Osnabrück, 16. November 1980
Verehrte Mitbrüder,
liebe Brüder und Schwestern im Herrn!
1. Als der Evangelist Johannes aus dem vertrauten Umgang mit
seinem Meister und aus der tiefen Kenntnis des liebenden Herzens Jesu die
Worte des heutigen Evangeliums geformt hat, das Abschiedsgebet des Herrn, da
sah er vor sich die ersten christlichen Gemeinden: nur mühsam und langsam
hatten sie sich gebildet, zunächst in Palästina, dann nach einer ersten
Verfolgung und Flucht in Antiochien und von da aus unter dem missionarischen
Elan des heiligen Paulus bis nach Kleinasien und Griechenland und sogar bis
nach Rom. Aber immer noch war ihr Bestand ziemlich klein und gefährdet; als
Minderheit lebten diese Gemeinden unter der großen Überzahl der Heiden im
Römischen Reich.
Diese Christen will der Evangelist trösten und stärken, wenn
er ihnen schreibt, wie Jesus selbst gerade für sie gebetet hat: ihnen hat
Jesus den ”Namen“ Gottes geoffenbart - ihnen hat er seine ”Herrlichkeit“
geschenkt - in ihnen soll die Liebe sein, die zwischen Gott, dem Vater, und
dem Sohn besteht - so sollen sie ”vollkommen eins sein“, wie Jesus mit dem
Vater eins ist. Machtvolle Worte der Tröstung und der inneren Stärkung für
ein anstrengendes Leben in der ”Zerstreuung“, in der ”Diaspora“!
Meine Brüder und Schwestern! Euch allen bringe ich heute
dieses Evangelium, diese Frohe Botschaft, dieses wirksame Gebet Jesu: es gilt
euch, den Gläubigen dieser altehrwürdigen Diözese, die soeben die
Jubiläumsfeier ihres 1200jährigen Bestehens festlich begangen hat; es gilt
allen Katholiken in der Diaspora Norddeutschlands und Skandinaviens, an die
ich mich heute aus dieser Stadt Osnabrück, dem Bischofssitz des nördlichsten
Bistums dieses Landes, besonders wenden möchte.

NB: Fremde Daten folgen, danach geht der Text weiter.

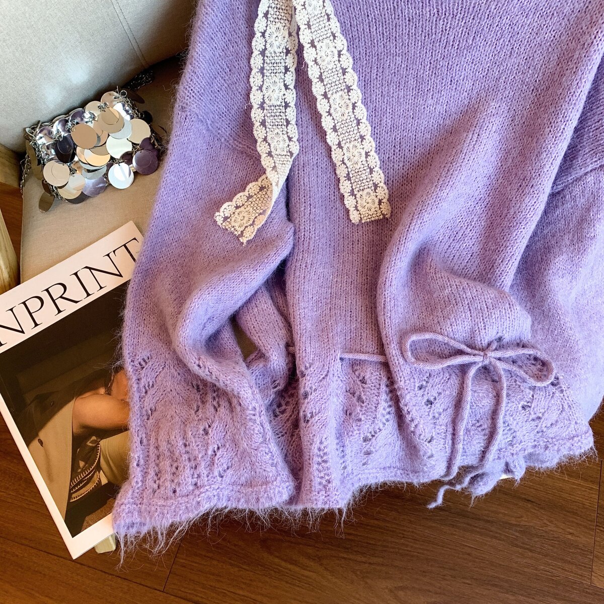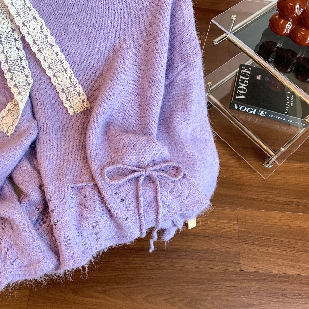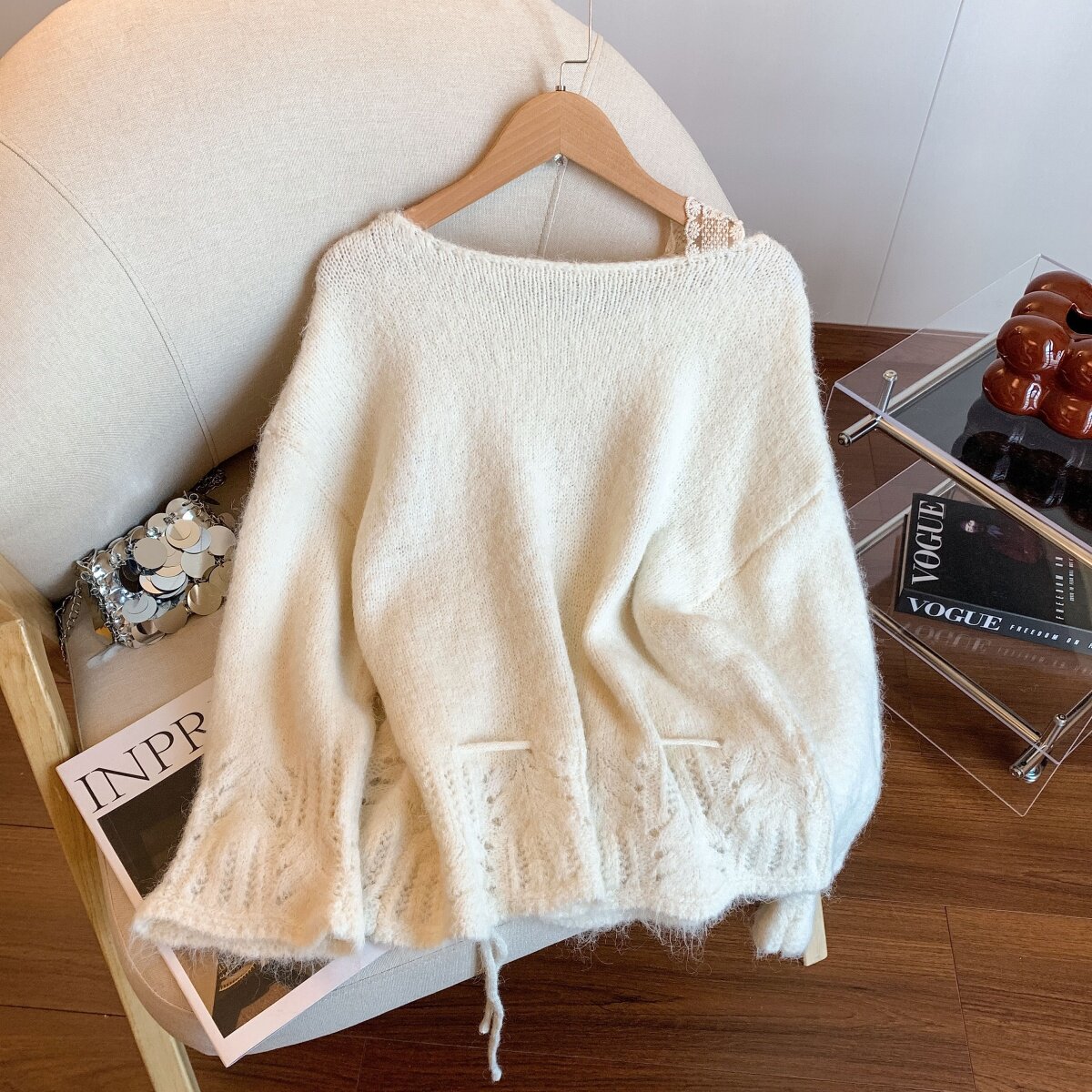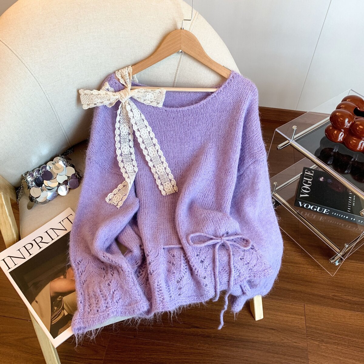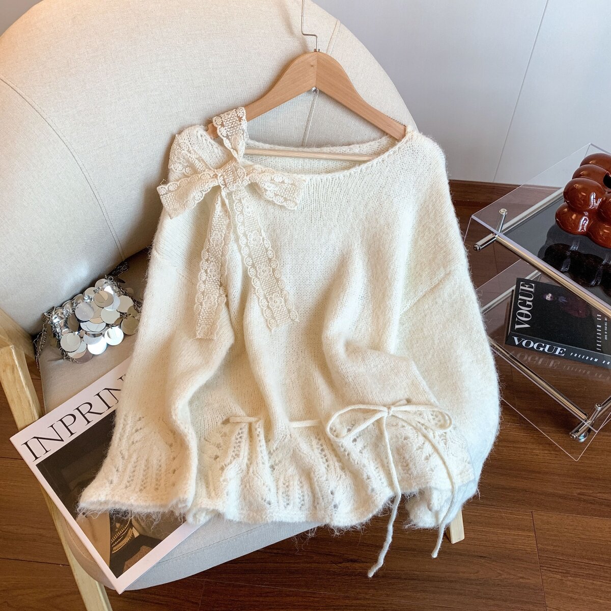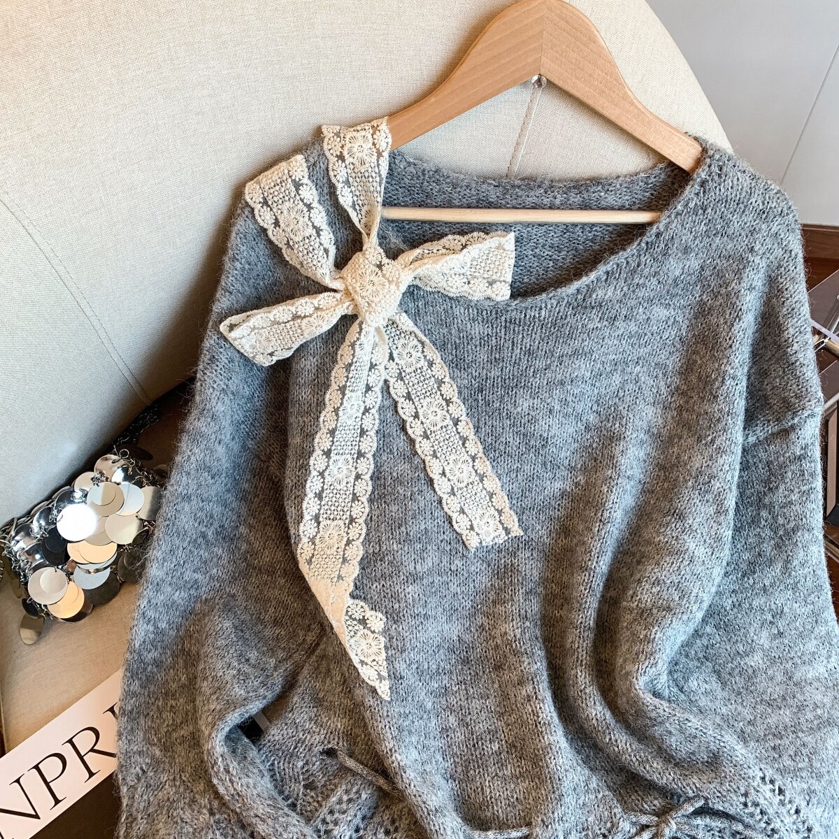 多巴胺黃色針織衫女秋冬季軟糯蝴蝶結系帶長袖寬松慵懶風顯瘦毛衣

Ich grüße mit besonderer Freude die hier anwesenden
Oberhirten aus dieser und den benachbarten Diözesen, insbesondere aus Berlin
und aus Skandinavien, und ebenso die Priester und Gläubigen aus jenen
Diasporagebieten und -ländern. Der oberste Hirte der Kirche, die geeint lebt
unter vielen Völkern, ist zu euch gekommen, um mit euch zusammen Gott zu
danken für euren Glaubensmut und euch darin zu bestärken, auch weiterhin
lebendige Zeugen unserer Erlösung in Christus zu sein.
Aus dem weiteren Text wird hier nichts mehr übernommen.